Each line of data below must be printed exactly as written, with any pictures removed.

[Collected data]
--*--
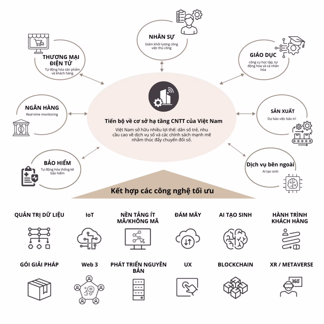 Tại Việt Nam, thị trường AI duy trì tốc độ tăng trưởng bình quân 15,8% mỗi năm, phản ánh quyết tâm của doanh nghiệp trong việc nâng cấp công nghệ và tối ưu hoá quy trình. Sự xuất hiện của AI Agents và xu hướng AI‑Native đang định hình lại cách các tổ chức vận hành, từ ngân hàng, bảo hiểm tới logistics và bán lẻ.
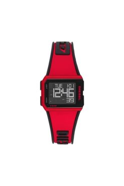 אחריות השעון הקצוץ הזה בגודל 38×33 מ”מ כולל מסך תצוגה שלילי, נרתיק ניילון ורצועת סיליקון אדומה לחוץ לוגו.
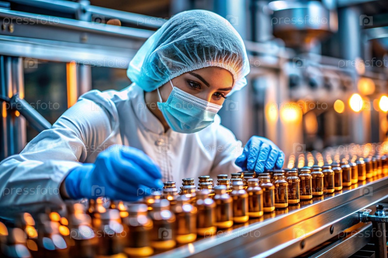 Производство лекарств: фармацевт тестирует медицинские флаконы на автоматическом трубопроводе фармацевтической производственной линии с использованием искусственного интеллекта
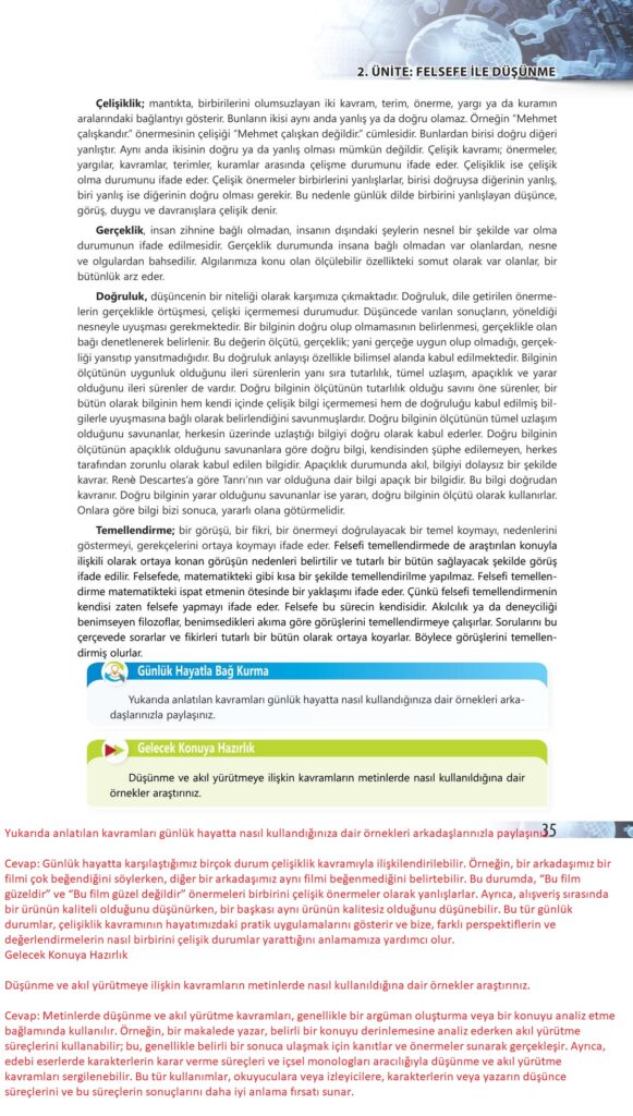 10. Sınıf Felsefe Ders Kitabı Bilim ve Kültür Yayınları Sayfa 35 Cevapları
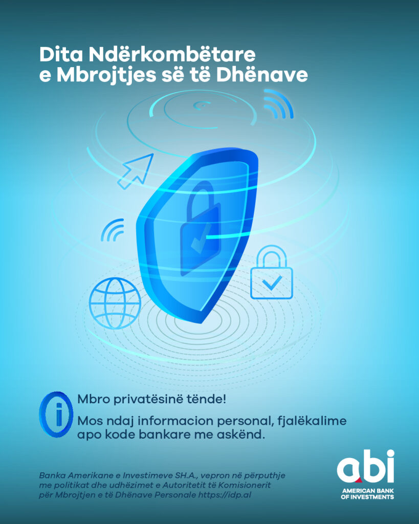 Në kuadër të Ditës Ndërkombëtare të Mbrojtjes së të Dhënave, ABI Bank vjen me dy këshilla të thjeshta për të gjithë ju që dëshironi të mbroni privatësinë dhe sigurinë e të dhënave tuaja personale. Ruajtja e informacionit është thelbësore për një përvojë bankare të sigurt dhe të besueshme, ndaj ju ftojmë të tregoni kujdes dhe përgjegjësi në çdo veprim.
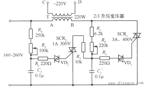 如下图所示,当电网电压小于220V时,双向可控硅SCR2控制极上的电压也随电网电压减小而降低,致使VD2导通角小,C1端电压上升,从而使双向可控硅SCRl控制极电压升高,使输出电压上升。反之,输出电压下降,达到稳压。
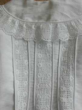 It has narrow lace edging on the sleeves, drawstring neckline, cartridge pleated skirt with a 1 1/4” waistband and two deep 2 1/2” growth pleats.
--*--
## RESULT
 Tại Việt Nam, thị trường AI duy trì tốc độ tăng trưởng bình quân 15,8% mỗi năm, phản ánh quyết tâm của doanh nghiệp trong việc nâng cấp công nghệ và tối ưu hoá quy trình. Sự xuất hiện của AI Agents và xu hướng AI‑Native đang định hình lại cách các tổ chức vận hành, từ ngân hàng, bảo hiểm tới logistics và bán lẻ.
 אחריות השעון הקצוץ הזה בגודל 38×33 מ”מ כולל מסך תצוגה שלילי, נרתיק ניילון ורצועת סיליקון אדומה לחוץ לוגו.
 Производство лекарств: фармацевт тестирует медицинские флаконы на автоматическом трубопроводе фармацевтической производственной линии с использованием искусственного интеллекта
 10. Sınıf Felsefe Ders Kitabı Bilim ve Kültür Yayınları Sayfa 35 Cevapları
 Në kuadër të Ditës Ndërkombëtare të Mbrojtjes së të Dhënave, ABI Bank vjen me dy këshilla të thjeshta për të gjithë ju që dëshironi të mbroni privatësinë dhe sigurinë e të dhënave tuaja personale. Ruajtja e informacionit është thelbësore për një përvojë bankare të sigurt dhe të besueshme, ndaj ju ftojmë të tregoni kujdes dhe përgjegjësi në çdo veprim.
 如下图所示,当电网电压小于220V时,双向可控硅SCR2控制极上的电压也随电网电压减小而降低,致使VD2导通角小,C1端电压上升,从而使双向可控硅SCRl控制极电压升高,使输出电压上升。反之,输出电压下降,达到稳压。
 It has narrow lace edging on the sleeves, drawstring neckline, cartridge pleated skirt with a 1 1/4” waistband and two deep 2 1/2” growth pleats.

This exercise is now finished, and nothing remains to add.